When the story is about our health, safety, how we work, and how we provide for our families, we want a story based on the best facts available.
But when the story is about how we respond to abrupt cultural change and how we feel about it, that’s different. It’s about our lives. We get to make it up.
We tell a story about how we’re doing. What adjustments we’ve made. What’s going to happen. What it all means. It’s how our brains work. They want to know the next step. An unfinished story makes them squirm.
We tell the story of our lives all the time. To friends, to colleagues, when we’re interviewing for a job, or talking to a realtor about buying a house. The stories may be snippets, short stories, or in some cases, novels. This is who I am. This is what I did. This is what happened.
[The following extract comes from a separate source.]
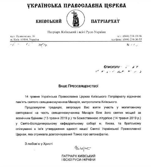 Приглашение патриарха Киевского и всея Руси-Украины Филарета архиереям созданной поместной украинской церкви на "торжественное молитвенное общение" 14 мая, день, когда чтят память священномученика Макария, спровоцировало межконфессийный скандал между Киевским патриархатом и ПЦУ.
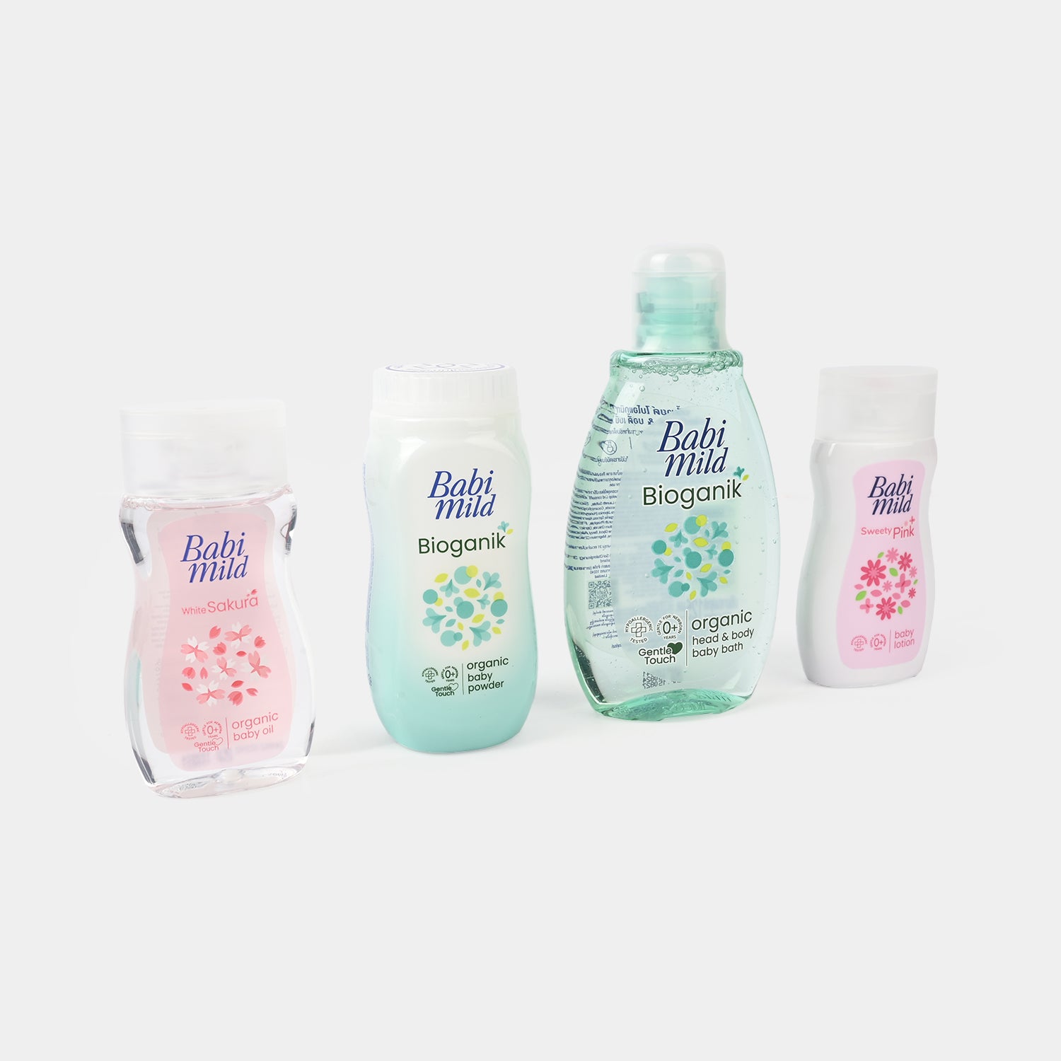 Gentle baby care essentials in one thoughtful set. This four-piece collection features Baby Lotion, Baby Oil, Head & Body Bath, and Baby Powder—all formulated with natural, organic ingredients that are hypoallergenic and dermatologically tested for your newborn's sensitive skin.

This is what I’m going to do.
Our story makes up our personal myth.
- I’m the kind of person who always . . .
- I love a challenge.
- Nothing stops me from reaching my goals.
- If my family had been supportive, I could have . . .
- Relationships never worked out for me.
- Boredom is the worst, so I go where the adventure is.
Now that life has changed, are you changing your story? Developing a new plot? Inviting new characters into it?
In fiction the hero’s journey is a familiar plot. The protagonist ventures forth, meets allies, vanquishes enemies, and after conflict and difficulty, seizes the prize. Whether the prize is a princess to love, treasure, or hard-won knowledge, he meets his destiny. He was brave and developed skills.
Another journey is that of the heroine, taken by both men and women. It does not require a quest, but instead follows an inner path where memories, feelings, and beliefs are examined. The goal is to be authentic. The heroine examines her values, decides how much of the common wisdom applies, and who she will be in the future.
This time seems perfect for the inner journey, a pause to examine our lives, notice our reactions to the changes we’ve had to make, and decide what can be left behind. As we move forward, we may need a new perspective. New plans. A new attitude.
If you’ve thought about writing the story of your life, for personal development, legacy, or memoir, this may be the time. Especially if that story is changing. Writing helps sort things out so you can become the conscious narrator of who you are and who you will become.